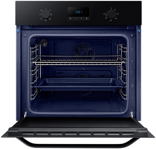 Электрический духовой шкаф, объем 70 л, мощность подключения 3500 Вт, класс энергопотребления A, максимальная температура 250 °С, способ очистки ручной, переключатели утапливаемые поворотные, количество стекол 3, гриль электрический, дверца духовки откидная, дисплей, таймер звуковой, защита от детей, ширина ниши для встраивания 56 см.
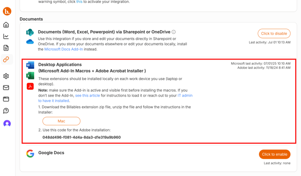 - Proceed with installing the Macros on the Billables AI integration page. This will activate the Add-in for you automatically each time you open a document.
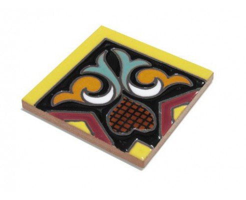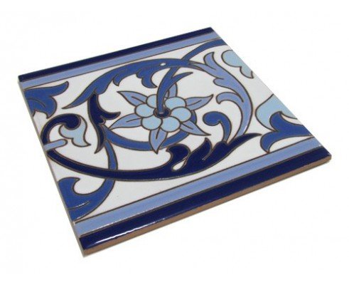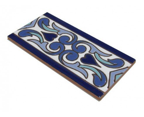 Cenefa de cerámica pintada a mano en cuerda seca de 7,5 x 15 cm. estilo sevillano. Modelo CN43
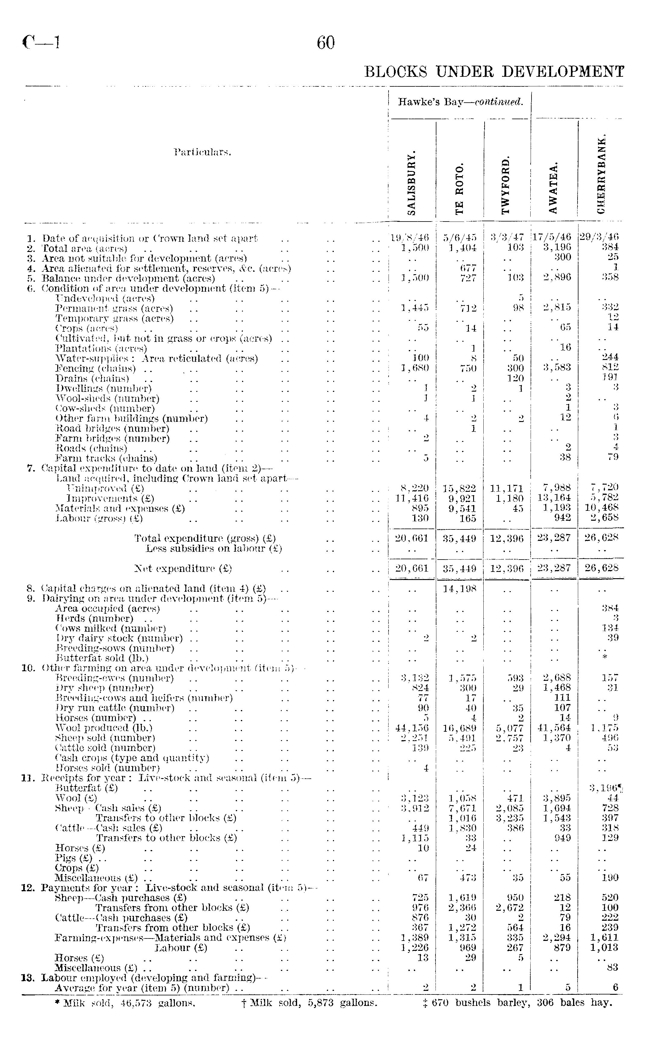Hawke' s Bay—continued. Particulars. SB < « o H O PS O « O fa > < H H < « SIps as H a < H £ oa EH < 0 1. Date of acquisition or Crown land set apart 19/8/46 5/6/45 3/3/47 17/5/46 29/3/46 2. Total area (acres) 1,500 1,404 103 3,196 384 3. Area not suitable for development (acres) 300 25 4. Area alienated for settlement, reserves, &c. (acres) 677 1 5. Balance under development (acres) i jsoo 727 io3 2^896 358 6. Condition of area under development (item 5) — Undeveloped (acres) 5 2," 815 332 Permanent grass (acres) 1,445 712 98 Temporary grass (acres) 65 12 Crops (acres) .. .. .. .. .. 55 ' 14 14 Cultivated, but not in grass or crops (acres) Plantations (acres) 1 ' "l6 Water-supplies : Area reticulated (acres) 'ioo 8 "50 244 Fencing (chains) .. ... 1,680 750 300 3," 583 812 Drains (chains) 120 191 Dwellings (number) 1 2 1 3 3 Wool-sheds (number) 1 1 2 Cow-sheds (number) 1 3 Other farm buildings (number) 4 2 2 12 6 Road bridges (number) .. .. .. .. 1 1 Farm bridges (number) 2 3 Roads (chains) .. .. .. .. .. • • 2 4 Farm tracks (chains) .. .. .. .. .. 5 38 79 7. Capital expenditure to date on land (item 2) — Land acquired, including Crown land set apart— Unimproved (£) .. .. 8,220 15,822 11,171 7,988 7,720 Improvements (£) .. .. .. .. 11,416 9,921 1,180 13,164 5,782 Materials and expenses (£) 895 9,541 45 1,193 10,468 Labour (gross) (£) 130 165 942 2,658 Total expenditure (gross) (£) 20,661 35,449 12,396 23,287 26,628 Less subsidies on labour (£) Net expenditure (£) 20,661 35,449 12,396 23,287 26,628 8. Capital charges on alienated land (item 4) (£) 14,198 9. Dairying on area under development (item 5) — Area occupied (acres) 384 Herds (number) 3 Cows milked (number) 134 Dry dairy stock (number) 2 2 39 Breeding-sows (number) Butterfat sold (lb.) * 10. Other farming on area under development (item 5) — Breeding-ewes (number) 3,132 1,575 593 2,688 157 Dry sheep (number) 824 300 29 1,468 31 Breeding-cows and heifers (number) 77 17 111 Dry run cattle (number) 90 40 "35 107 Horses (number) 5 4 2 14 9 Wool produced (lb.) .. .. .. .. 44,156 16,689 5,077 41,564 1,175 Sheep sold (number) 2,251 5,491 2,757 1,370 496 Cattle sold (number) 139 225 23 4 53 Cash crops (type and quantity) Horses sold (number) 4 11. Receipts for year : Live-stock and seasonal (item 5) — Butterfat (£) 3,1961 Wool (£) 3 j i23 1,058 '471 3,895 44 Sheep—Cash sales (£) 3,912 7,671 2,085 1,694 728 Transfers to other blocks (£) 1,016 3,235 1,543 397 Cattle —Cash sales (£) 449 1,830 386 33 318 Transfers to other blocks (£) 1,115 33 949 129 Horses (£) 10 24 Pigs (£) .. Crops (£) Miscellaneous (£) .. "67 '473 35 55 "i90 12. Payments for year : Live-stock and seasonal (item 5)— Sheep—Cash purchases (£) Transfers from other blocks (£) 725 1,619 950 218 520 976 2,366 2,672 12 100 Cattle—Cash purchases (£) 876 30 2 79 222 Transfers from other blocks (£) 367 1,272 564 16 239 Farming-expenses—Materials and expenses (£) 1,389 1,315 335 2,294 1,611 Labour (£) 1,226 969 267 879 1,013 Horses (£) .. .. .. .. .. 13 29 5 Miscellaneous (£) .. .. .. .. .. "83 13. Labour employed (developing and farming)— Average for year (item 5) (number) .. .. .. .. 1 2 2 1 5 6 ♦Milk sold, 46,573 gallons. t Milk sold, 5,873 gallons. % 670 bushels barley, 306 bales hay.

WHAT THE TASK ASKS — From the first line of the listing above, repeat every line through the one holding "Cenefa de cerámica". Both ends count, and pictures stay out.

ANSWER BOX —
 Электрический духовой шкаф, объем 70 л, мощность подключения 3500 Вт, класс энергопотребления A, максимальная температура 250 °С, способ очистки ручной, переключатели утапливаемые поворотные, количество стекол 3, гриль электрический, дверца духовки откидная, дисплей, таймер звуковой, защита от детей, ширина ниши для встраивания 56 см.
 - Proceed with installing the Macros on the Billables AI integration page. This will activate the Add-in for you automatically each time you open a document.
 Cenefa de cerámica pintada a mano en cuerda seca de 7,5 x 15 cm. estilo sevillano. Modelo CN43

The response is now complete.